Environmental, social and governance issues (“ESG”), are the key factors in measuring investment sustainability and social impact. ESG Investing has become an ever more important issues among major investors as each seeks to add ESG factors to their responsibilities as fiduciaries.
ESG Investing is essential “socially conscious” investing, “stakeholder capitalism.” Both terms are about the idea that a public company’s focus shouldn’t be simply about generating profits to reward shareholders without taking a bigger (ESG) impact into account.
Investing to meet objectives for environmental, social and governance issues may have a significant impact on economic development in the future, whether at a national, regional or local level. The major financial institutions are now exploring ESG investing implications, including central banks, sovereign wealth funds, and public pension funds. Representatives of local governments and agencies will want to be well acquainted with ESG investing expectations, to best structure programs that meet ESG objectives.
The Organization for Economic Co-operation and Development (“OECD” based in Paris, France) is among numerous international organizations seeking to promulgate ESG Investing standards. According to its website, OECD together with governments, policy makers and citizens, works on establishing evidence-based international standards and finding solutions to a range of social, economic and environmental challenges. From improving economic performance and creating jobs to fostering strong education and fighting international tax evasion, OECD provides a unique forum and knowledge hub for data and analysis, exchange of experiences, best-practice sharing, and advice on public policies and international standard-setting.
U.S. Department of Labor’s Investment Duties Rule
The U.S. Department of Labor announced on in October 2020, a final rule that updates and clarifies the Labor Department’s investment duties regulation (in 29 CFR 2550.404a-1). The final rule intends to provide clear regulatory guideposts for fiduciaries of private-sector retirement and other employee benefit plans in light of recent trends involving environmental, social and governance (ESG) investing.
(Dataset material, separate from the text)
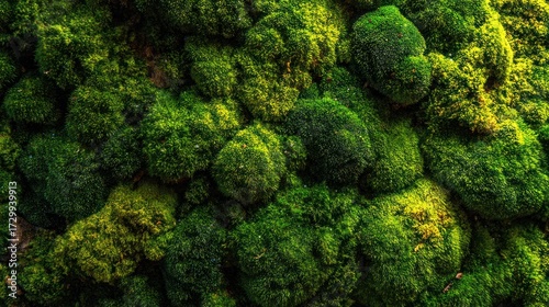 © titik, Fototapeta premium Close-up of vibrant green, textured, and naturally occurring forest moss
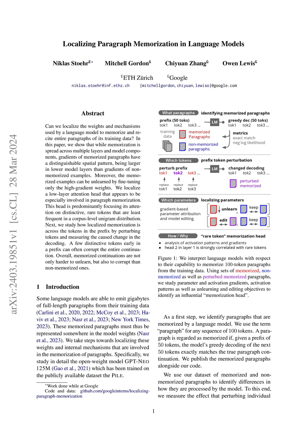Can we localize the weights and mechanisms used by a language model to memorize and recite entire paragraphs of its training data? In this paper, we show that while memorization is spread across multiple layers and model components, gradients of memorized paragraphs have a distinguishable spatial pattern, being larger in lower model layers than gradients of non-memorized examples. Moreover, the memorized examples can be unlearned by fine-tuning only the high-gradient weights. We localize a low-layer attention head that appears to be especially involved in paragraph memorization. This head is predominantly focusing its attention on distinctive, rare tokens that are least frequent in a corpus-level unigram distribution. Next, we study how localized memorization is across the tokens in the prefix by perturbing tokens and measuring the caused change in the decoding. A few distinctive tokens early in a prefix can often corrupt the entire continuation. Overall, memorized continuations are not only harder to unlearn, but also to corrupt than non-memorized ones.

The final rule amends the Department’s longstanding investment duties regulation, first issued in 1979, to codify a clear regulatory structure for considering investments for ERISA plans. The amendments require plan fiduciaries to select investments and investment courses of action based (solely) on pecuniary factors – i.e., any factor that the responsible fiduciary prudently determines is expected to have a material effect on risk and/or return of an investment based on appropriate investment horizons consistent with the plan’s investment objectives and funding policy. By implication, non-pecuniary factors such as implied by ESG Investing sensibilities, are not to be considered when acting as an investment or asset management fiduciary.